Do you have any particularly neat variable name pairs you'd care to share with us? (Bonus points if they're the same length, which makes the code so much neater in monospaced fonts.)
Like with all kinds of code style conventions, consistency is what you should strive for.
I would have the development team agree on "standard" pairs of prefixes for common scenarios like "source/destination" or "from/to" and then stick with them for the whole project. As long as every developer is aware of what is meant with a particular prefix in the codebase, it is easier to avoid misunderstandings.
Exceptions to the rule should be clarified in the documentation if the variable is part of a public API, or in comments within the code, if it's visibility is restricted to a single class or method.
In my databases you'll find many valid-state temporal ("history") tables containing a pair of columns named start_date and end_date. No bonus points for me, then, because I'd rather use the commonly used 'end' than try to come up with an intuitive alternative with the same number of characters as the word 'start'.
I tend to prefer these generic terms even when more context-specific terms may be viable e.g. preferring employee_start_date over employee_hire_date (what if their employment started for a reason other than being formally hiring e.g. their company was the subject of an acquisition). That said, I'd prefer person_birth_date over person_start_date :)
While one does try to be semantically coherent in obvious cases -- e.g., maximum goes with minimum, and not "lowest" -- in well-structured OO code (which isn't all code, I know) the problem disappears with a good IDE. Classes are short, methods are short, and variables are few in each method. So it doesn't matter what you call the variable pairs so long as they're clear. Your code might not look professional, but real quality is in the code, not in the look of your code.

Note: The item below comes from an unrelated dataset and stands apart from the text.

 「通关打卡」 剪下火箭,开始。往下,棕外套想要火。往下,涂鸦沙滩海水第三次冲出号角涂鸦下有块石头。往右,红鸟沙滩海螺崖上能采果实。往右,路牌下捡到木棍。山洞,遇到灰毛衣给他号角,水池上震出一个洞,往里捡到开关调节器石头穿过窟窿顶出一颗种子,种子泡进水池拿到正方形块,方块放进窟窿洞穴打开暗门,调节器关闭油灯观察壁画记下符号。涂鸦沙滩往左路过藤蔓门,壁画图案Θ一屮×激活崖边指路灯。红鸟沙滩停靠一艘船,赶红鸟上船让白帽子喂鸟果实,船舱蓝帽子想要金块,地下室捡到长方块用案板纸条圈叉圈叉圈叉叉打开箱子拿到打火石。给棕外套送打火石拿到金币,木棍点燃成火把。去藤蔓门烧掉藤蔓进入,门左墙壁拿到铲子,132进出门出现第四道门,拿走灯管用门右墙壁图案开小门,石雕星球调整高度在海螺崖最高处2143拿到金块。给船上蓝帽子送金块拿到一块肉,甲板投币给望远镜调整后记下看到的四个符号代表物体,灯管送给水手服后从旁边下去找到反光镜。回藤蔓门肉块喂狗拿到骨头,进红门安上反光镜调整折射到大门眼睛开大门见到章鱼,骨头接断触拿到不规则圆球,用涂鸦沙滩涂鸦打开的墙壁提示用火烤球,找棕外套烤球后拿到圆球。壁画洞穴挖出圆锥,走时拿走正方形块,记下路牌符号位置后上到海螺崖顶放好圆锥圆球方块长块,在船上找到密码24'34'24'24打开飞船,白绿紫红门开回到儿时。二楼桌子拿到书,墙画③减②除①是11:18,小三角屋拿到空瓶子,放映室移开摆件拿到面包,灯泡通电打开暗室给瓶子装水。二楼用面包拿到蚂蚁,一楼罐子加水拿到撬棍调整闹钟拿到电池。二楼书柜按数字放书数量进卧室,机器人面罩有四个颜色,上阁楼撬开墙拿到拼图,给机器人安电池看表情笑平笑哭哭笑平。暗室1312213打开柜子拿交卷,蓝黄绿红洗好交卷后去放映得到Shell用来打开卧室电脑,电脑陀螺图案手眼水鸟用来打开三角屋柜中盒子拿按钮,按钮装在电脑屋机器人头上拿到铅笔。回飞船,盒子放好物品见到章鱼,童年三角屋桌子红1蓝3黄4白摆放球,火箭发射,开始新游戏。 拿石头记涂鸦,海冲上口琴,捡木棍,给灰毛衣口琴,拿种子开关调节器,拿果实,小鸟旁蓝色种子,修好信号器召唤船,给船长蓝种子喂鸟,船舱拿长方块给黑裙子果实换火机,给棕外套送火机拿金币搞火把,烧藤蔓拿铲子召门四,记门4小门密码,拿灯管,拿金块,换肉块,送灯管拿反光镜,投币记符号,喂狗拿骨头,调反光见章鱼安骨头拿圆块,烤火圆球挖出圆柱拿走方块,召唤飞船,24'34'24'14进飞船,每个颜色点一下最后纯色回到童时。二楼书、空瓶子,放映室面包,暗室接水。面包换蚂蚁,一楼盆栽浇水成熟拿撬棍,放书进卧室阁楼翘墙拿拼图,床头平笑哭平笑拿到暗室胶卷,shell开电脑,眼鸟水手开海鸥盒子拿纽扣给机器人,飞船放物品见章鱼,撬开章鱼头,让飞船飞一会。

The problem further disappears if there is good JavaDoc or whatever the documentation system is, and if have good Class names that go with them. For instance, if you have an instance of a Connection class and it has a method a method called setDestination, that's okay, but if you know that setDestination takes one parameter called destination and it's of the Server class, you're cool... even though you might prefer to call it target, aimHere, placeToSendTheData, or whatever (and the corresponding names, source, comingFromHere, and placeToGetTheDataFrom). Plus the doc system says what the thing is for, and that is priceless.
This next thing might sound stupid and I'm sure I'll get voted down here on StackOverflow, but unique non-professional sounding variable names have a great advantage: I know that my variables have names like placeWeWantTheDataToGo (and the IDE takes care of typing it), but the "serious" guys who do the JDK would never use such silly names. So I know immediately that the variable is one of mine. Incidentally, when I worked with developers in Spain and Italy, they write code with Spanish variable names (not always, but usually). This causes the same effect: we can quickly see that the Conexion class is ours, but the Connection class is not.
[Also, instead of typing your variable names, assign them a constant String somewhere in your code and use that, so if they called it lower or downer instead of low, you're still okay.]
Yes, I do try to name complementary sets of variables systematically so that the symmetry is clear. It is not always easy; sometimes, not even possible. Well, not possible using the rules I lay down for myself - which means I usually try to have the names the same length. The 'top' and 'lower' example would drive me batty (assuming I'm not batty already, which is far from certain); I'd probably use 'upper' and 'lower' because those are the same length; 'top' and 'bottom' would frustrate me too because of the difference in length.